**What to work on:** Pictures are to be left out; every line from the one with "En total, la" through the end of the data must be transcribed exactly.

**Recorded data:**

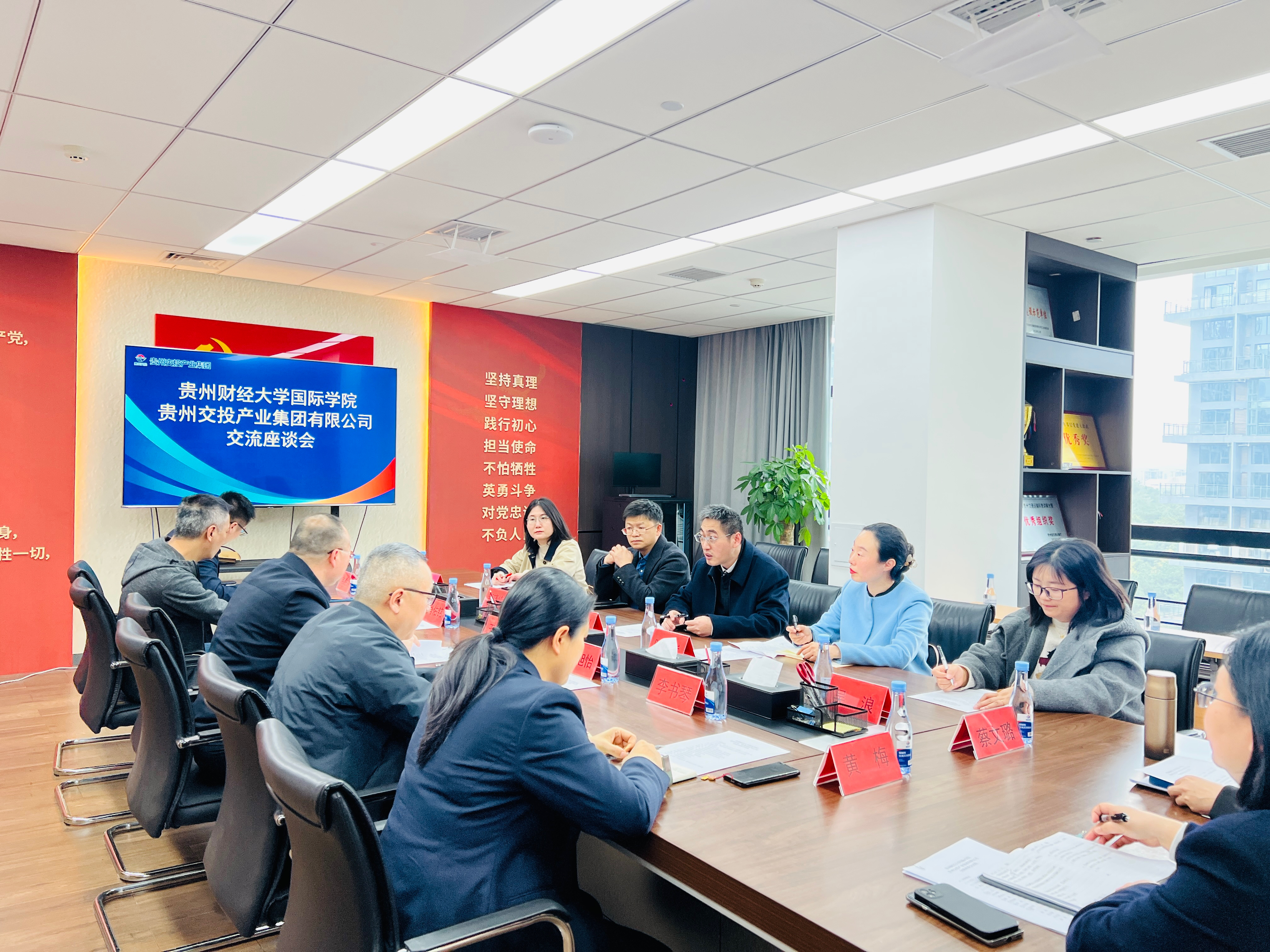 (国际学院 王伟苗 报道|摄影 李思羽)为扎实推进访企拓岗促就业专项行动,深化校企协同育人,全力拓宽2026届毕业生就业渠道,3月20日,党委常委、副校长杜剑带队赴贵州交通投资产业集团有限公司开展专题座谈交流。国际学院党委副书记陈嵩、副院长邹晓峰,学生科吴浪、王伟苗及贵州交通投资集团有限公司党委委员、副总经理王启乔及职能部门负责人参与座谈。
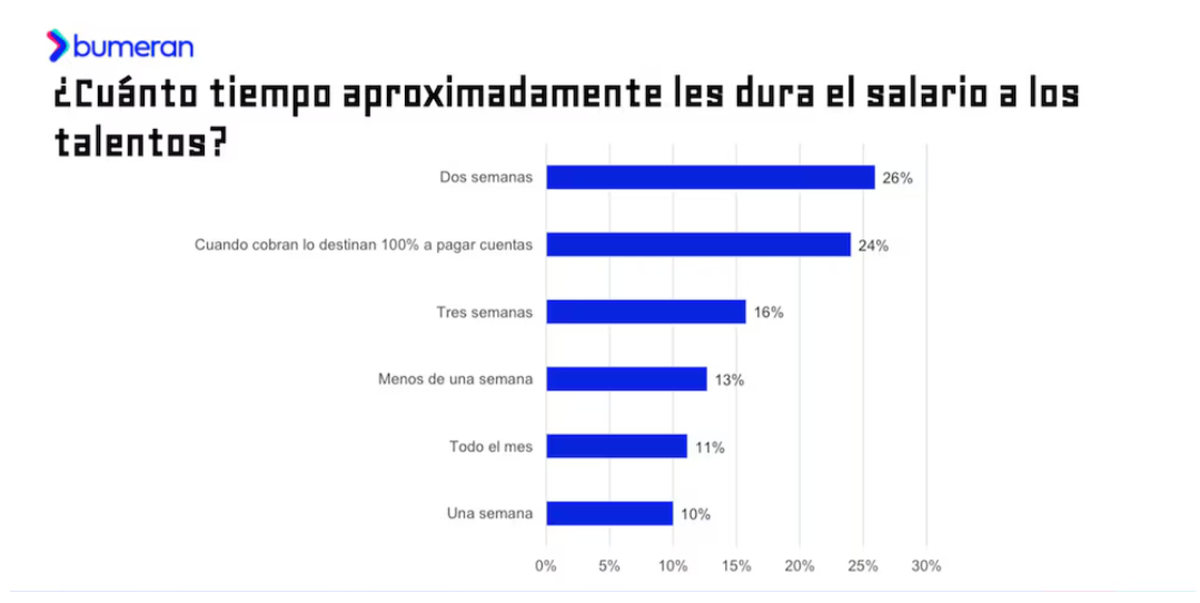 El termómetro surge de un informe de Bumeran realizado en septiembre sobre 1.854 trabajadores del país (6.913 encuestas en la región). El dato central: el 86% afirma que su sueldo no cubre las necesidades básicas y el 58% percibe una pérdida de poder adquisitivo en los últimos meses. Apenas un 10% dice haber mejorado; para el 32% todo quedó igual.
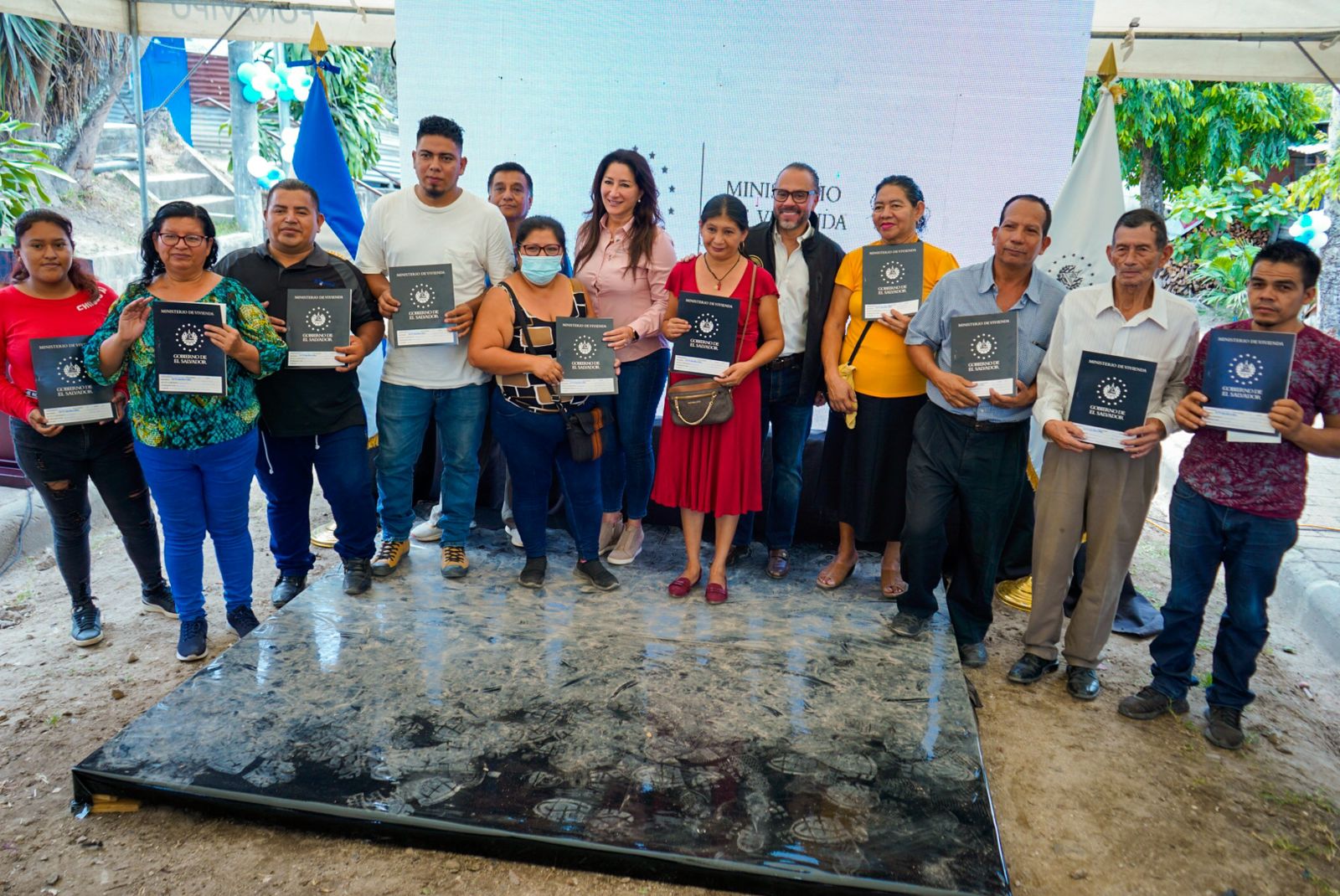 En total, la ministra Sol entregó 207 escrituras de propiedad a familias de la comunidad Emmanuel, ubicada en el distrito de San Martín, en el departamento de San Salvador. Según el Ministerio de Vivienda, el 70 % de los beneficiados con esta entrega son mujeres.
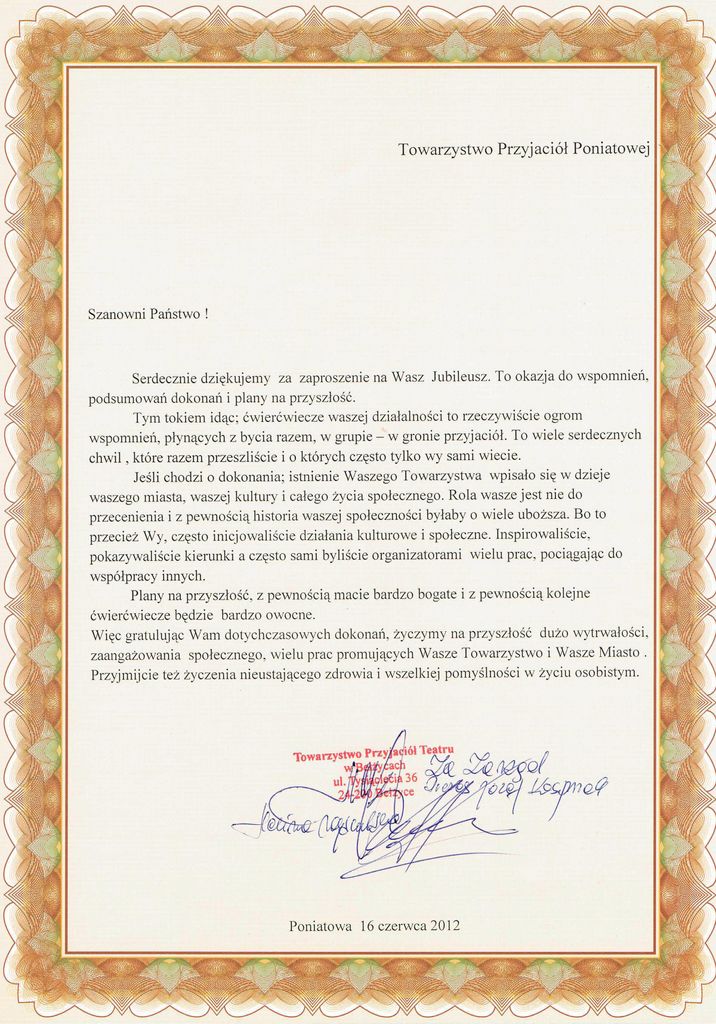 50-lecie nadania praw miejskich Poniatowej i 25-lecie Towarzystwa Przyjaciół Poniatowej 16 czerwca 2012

**Solution:**
 En total, la ministra Sol entregó 207 escrituras de propiedad a familias de la comunidad Emmanuel, ubicada en el distrito de San Martín, en el departamento de San Salvador. Según el Ministerio de Vivienda, el 70 % de los beneficiados con esta entrega son mujeres.
 50-lecie nadania praw miejskich Poniatowej i 25-lecie Towarzystwa Przyjaciół Poniatowej 16 czerwca 2012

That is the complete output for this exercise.